The relationship between culture and work productivity is not unknown, nor is it unsubstantial. In 2016, Deloitte found that 94 percent of Australians perceived culture as a potential competitive advantage. In this article, TMS reveals five key signs that may indicate that your organisation requires a cultural boost.
Absenteeism in the workplace is the voluntary or habitual non-attendance at work. Absenteeism which is often considered unavoidable includes illness, injuries and childcare and eldercare. However, for some organisations absenteeism can also include disengagement, stress, low morale and even bullying and harassment. These forms of absenteeism can often be a red flag indicating unhappy and unmotivated employees. Absenteeism unrelated to sickness or care can result in great costs to an organisation.
Culture and absenteeism have been found to have a considerable connection. A 10-year study conducted by Queen’s University Centre for Business Venturing found that organisations with an engaging culture reported 20 per cent less absenteeism. Consequently, having a disengaged culture can mean an increase in absenteeism and thus a decrease in productivity. Supporting this, the Society for Human Resource Management found co-workers are 29.5 percent less productive when covering for an absent employee.
2. Bullying and Harassment Complaints
Bullying and harassment complaints in the workplace can be a tell-tale factor for identifying a negative organisational culture. Beyond Blue, found that almost 50 percent of Australian employees experience some form of workplace bullying in their lifetime. “Bullying occurs because of cultural, organisational and structural issues in the workplace,” says Beyond Blue CEO, Georgie Harman.
According to the Australian Human Rights Commission, bullying can cost the Australian economy up to $36 billion each year, with the average case amounting to $17,000-24,000 for employers. 2012 Meta-analytic data also showed that bullying is associated with increased absenteeism and decreased job satisfaction and commitment.
Therefore, an environment, where there is bullying and harassment, demonstrates a toxic culture which must change for the purpose of the organisational and more importantly individual’s health and safety.
3. Lack of Leadership
A successful leadership culture has the ability to positively influence the way people interact, make decisions and influence each other within an organisation. However, a weak or non-existent leadership culture can lead to confusion amongst employees as well as the ability to damage the structure of an organisation. This can happen where managers lack the appropriate leadership skills for their role. As much as 32 percent of involuntary employee turnover is attributed to poor leadership skills. Without effective leadership, organisations lack direction and accountability.
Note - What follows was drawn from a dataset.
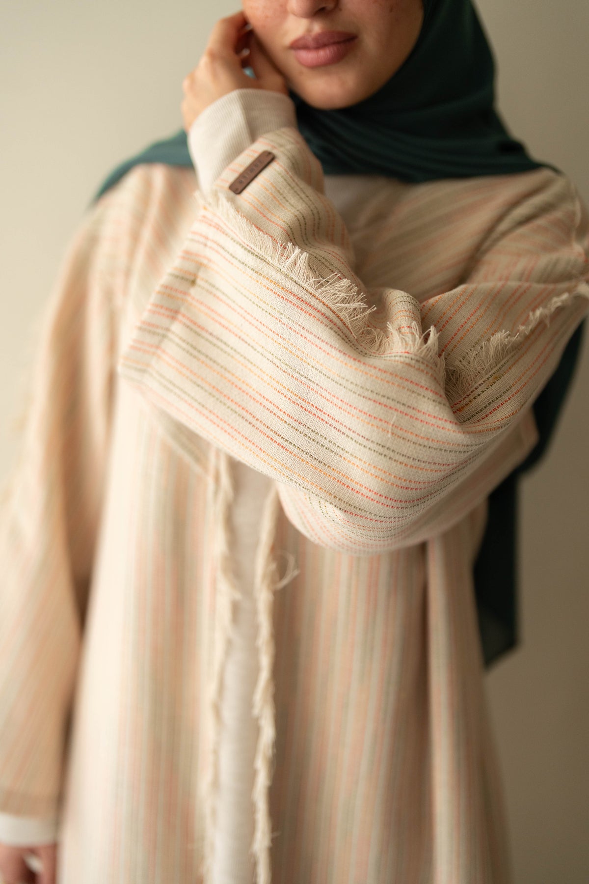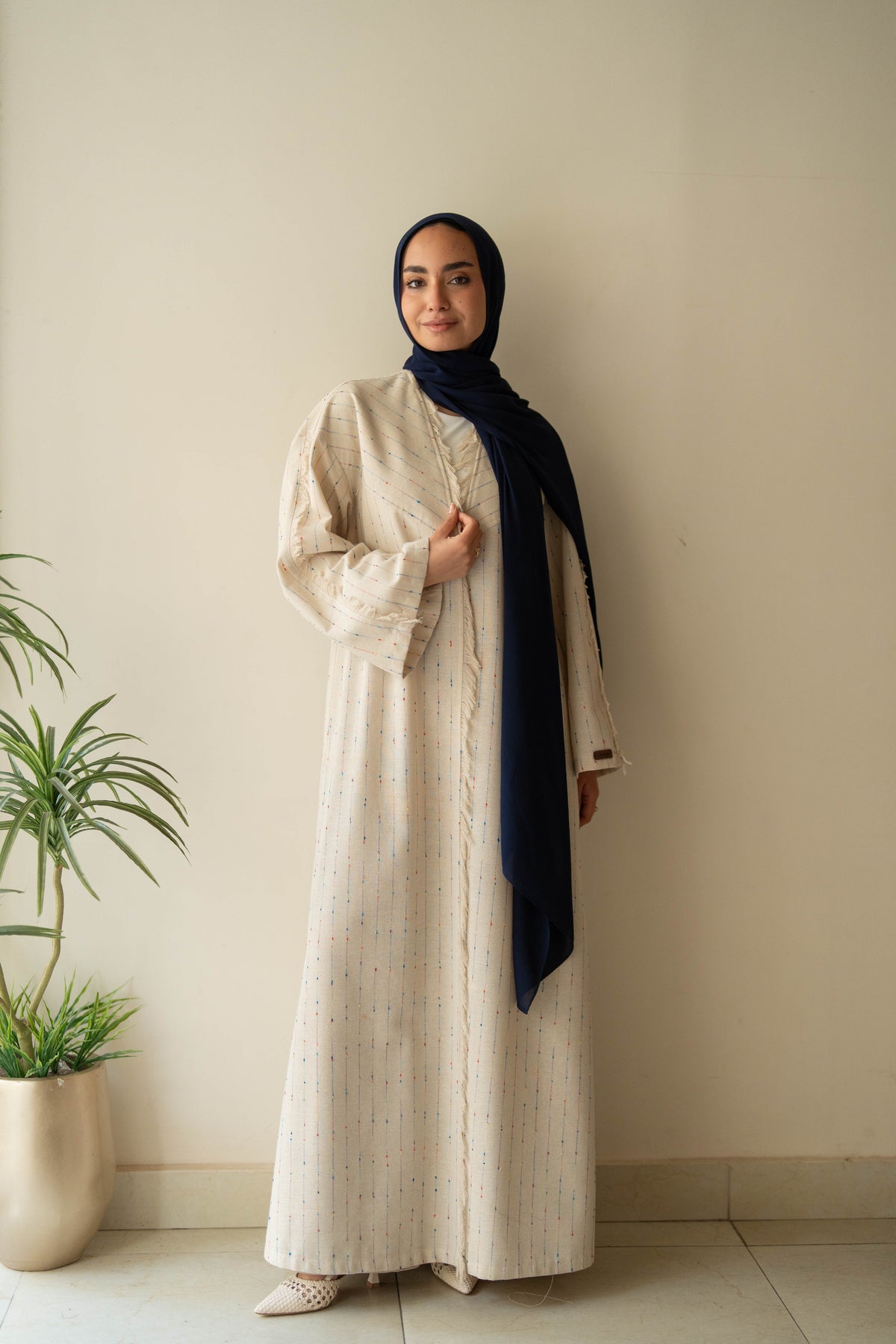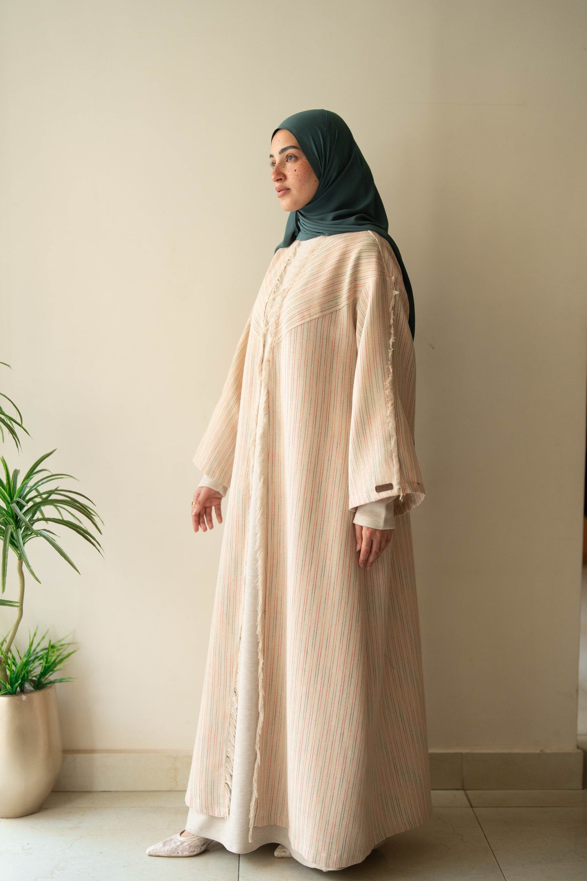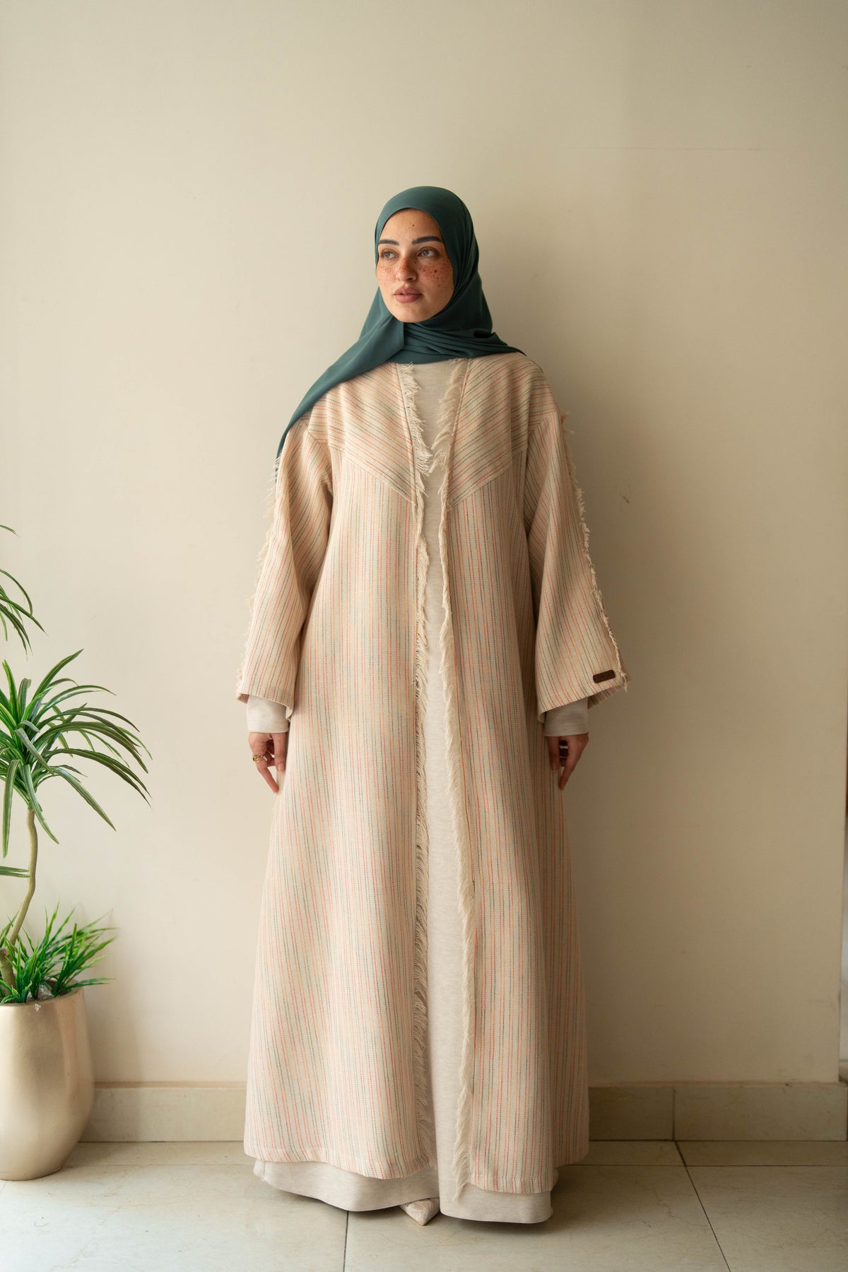 Effortlessly transition from day to evening with our Noor Abaya. Crafted from high-quality linen and adorned with warm color strips, this abaya offers both style and comfort. With its versatile design and luxurious materials, it is the perfect addition to any wardrobe. Elevate your modest fashion game today with the Noor Abaya.
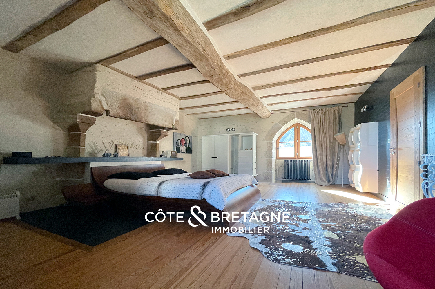 En plein coeur d'Ambon, cette demeure du XVIe siècle saura vous séduire par ses espaces et sa magnifique restauration. D'une surface habitable de 290 m2, elle propose environ 330 m2 de surface à vivre. Dès l'entrée, vous serez conquis par l'esprit raffiné du lieu mêlant le charme de l'ancien avec tout le confort moderne. Les plafonds avec poutres apparentes, les portes voûtées en pierre et le sol en béton ciré se marient harmonieusement et invitent à la convivialité. Le salon avec sa belle cheminée en pierre équipée d'un foyer à insert offre un espace chaleureux. Il donne accès au jardin entièrement aménagé en terrasse à l'ambiance bucolique. La spacieuse cuisine a été pensée comme une deuxième pièce de vie dans laquelle il est agréable de se retrouver en famille ou entre amis. Elle se prolonge par un espace cellier buanderie. Des toilettes viennent compléter ce niveau. L'escalier en bois aux marches cérusées conduit à une deuxième terrasse exposée plein sud, ainsi qu'aux étages supérieurs. Le premier niveau ouvre sur un grand couloir qui dessert d'un côté une grande chambre et de l'autre la vaste suite parentale avec sa salle d'eau. Toutes deux possèdent de larges cheminées en pierre intégrées comme éléments de décoration, l'une abrite un bureau, l'autre la tête de lit. On retrouve également des toilettes séparées à ce niveau. L'étage suivant accueille un grand espace pensé comme un salon télé avec sa large banquette installée sous les fenêtres. Le côté nuit dispose de quatre chambres avec une salle de bains avec WC. Le dernier niveau déploie quant à lui, une chambre et un espace de jeu et offre la vue sur la rivière de Pénerf. La maison bénéficie en outre d'une cave. Cette belle demeure familiale vous offrira le Cadre de vie idéal, proche des écoles, de toute commodité et des plages d'Ambon. Cet ancien village paludier situé au nord de Damgan est un véritable concentré de Bretagne : littoral aux plages de sable blanc, campagne verdoyante et falaises escarpées ! Entre balades dans les marais salants, prés et bois et les nombreuses activités nautiques, les amoureux de la nature sauront y trouver leur bonheur.

A Bond University study found that poor leaders have the capability of having a negative effect on not only their subordinates but the organisation as a whole, leaving individuals subject to negative emotional reactions, stress, lower self -esteem and loss of confidence.
Hyper-competition refers to an increased level of competition amongst peers. This becomes an issue when employees see each other as adversaries rather than allies. Hyper-competitiveness can result in employees becoming more aggressive and can contribute to a hostile environment.
Research shows that while 50 percent of people benefit from a competitive environment, 25 percent become disengaged, so while competition can evoke energy and drive certain employees to continue striving, too much competition can lead to a toxic culture and consequently weakened productivity.
The Banking Royal Commission highlighted a recent example of competition having a damaging effect on culture. Advisors offering products on the basis of financial incentives, despite the products not being in the client’s best interest demonstrates how competition can lead to unethical business practices and unhealthy workplace culture.
5. Too Much Focus on Profit
In the previous century, an organisation was defined by its profit, however, this is no longer the case. A strict profit focus can limit employee autonomy due to its ability to discourage employees from taking risks and thinking ‘outside the box’ which could be beneficial to an organisation.
Approaches to focusing on other areas than profit have statistically proven to better organisations. 2015 Gallup data found that organisations that promote above-average engagement have the ability to increase performance by up to 240 percent. An above-average engagement was found to be present in organisations which emphasised the importance of customer focus and value rather than profit.
Studies have also found that those organisations which have a strong organisational culture rather than a profit emphasis, tend to focus more on long term results rather than short term. This suggests that encouraging innovation and embracing failure has the ability to enhance a culture where employees are respected and encouraged to develop and grow their ideas.